Mr. Voller, the former Northern Territory youth detainee at the now notorious Don Dale Detention Centre, commenced action against the media giants as a result of comments left on the Facebook pages of the Sydney Morning Herald, the Australian, Sky News, The Bolt Report and the Centralian Advocate between July 2016 and June 2017.

The Court was being asked to consider whether, by allowing social media comments by third party-users to be placed on the outlet’s Facebook pages in response to articles, the element of “publication” in a claim of defamation was established. The answer by the Court was in the affirmative – that media organisations are liable for the postings that are made in the “comments section”, despite not being the author of those comments.

The media has, for a long time now, been held accountable for the publication of defamatory content within its articles, whether it be contained within their hard copy newspapers or on their websites. The law is well established that even if a person or organisation is not the author of defamatory statements, the media can find themselves responsible for the damages caused by such statements as a result of publishing them. However, for the first time in Australia, a Court was required to consider the particular instance of comments made in response to articles on the Facebook pages of media organisations.

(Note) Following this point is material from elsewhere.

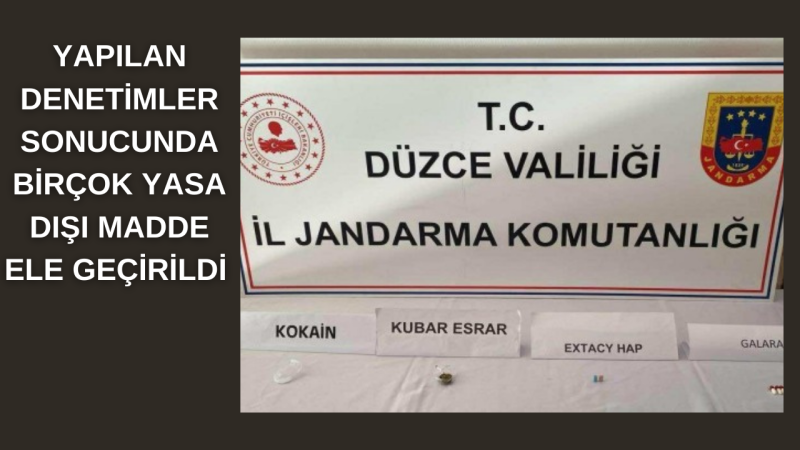 Düzce İl Jandarma Komutanlığı Ekipleri tarafından 9-16 Ekim 2023 tarihleri arasında Düzce'nin eşitliyerlerinde yapılan denetimler sonucunda bir çok yasa dışı malzeme ele geçirildi. Ele geçirilen malzemeler "1 gram Kokain, 30 gram Kubar Esrar,6 gram Metanfetamin,27 gram Bonzai,14 adet Uyuşturucu/ Uyarıcı Hap, 2 Adet Ruhsatsız Tabanca, 1 adet Ruhsatsız Av Tüfeği, 3 adet Bıçak,1 adet Muşta ve 14 Yasa Dışı Göçmen yakalandı. Yapılan Denetimlerde hakkında uyuşturucu madde imal ve ticareti suçundan hakkında işlem yapılan 1 şüpheli tutuklanırken Uyuşturucu madde kullanma ve bulundurma suçunu işleyen 25 şahıs ile 6136 sayılı kanuna muhalefet suçundan 4 şahıs hakkında adli işlem başlatıldı.

The Court conceded that this was indeed an emerging area of law and that no defamation cases in Australia have dealt with comments on public Facebook pages. However, it believed that there is now enough precedent extracted from recent cases in Australia and throughout the world for it to find that the the media organisations are no longer a “mere conduit” of the comments.

Media organisation have long relied on the defence of “innocent dissemination”, that the publishing of comments made by third parties on Facebook pages is done unwittingly and without negligence. They argue that, through the complicated algorithms of Facebook, which encourage and elevate to prominence the “most popular” comments on posts, there is no real way of stopping the exposure to online readers of controversial statements made by the third party users. Media organisations also concede that the monitoring of all comments made on their articles each day would require significant resources and effort on their part.

However, the Court held that it is no longer satisfactory for media organisations to merely sit and attempt to monitor comments where possible, especially where those outlets are of significant size, with significant available resources.

The judgment has, of course, been slammed by media organisations as “ridiculous” and “out of step” with other English-speaking democracies. Some commentators have also stated that this decision goes further than any decision around the world holding intermediaries liable for defamation as publishers. Many are demanding that changes be made to legislation relating to defamation to ensure that this decision does not have the wide ranging effects that many see this will have.

This morning, the “comments section” still exist on the Facebook pages of all of the aforementioned media organizations. However, the real question is, for how long?

The defendants in this matter have indicated that they are reviewing the judgment with a view to an appeal.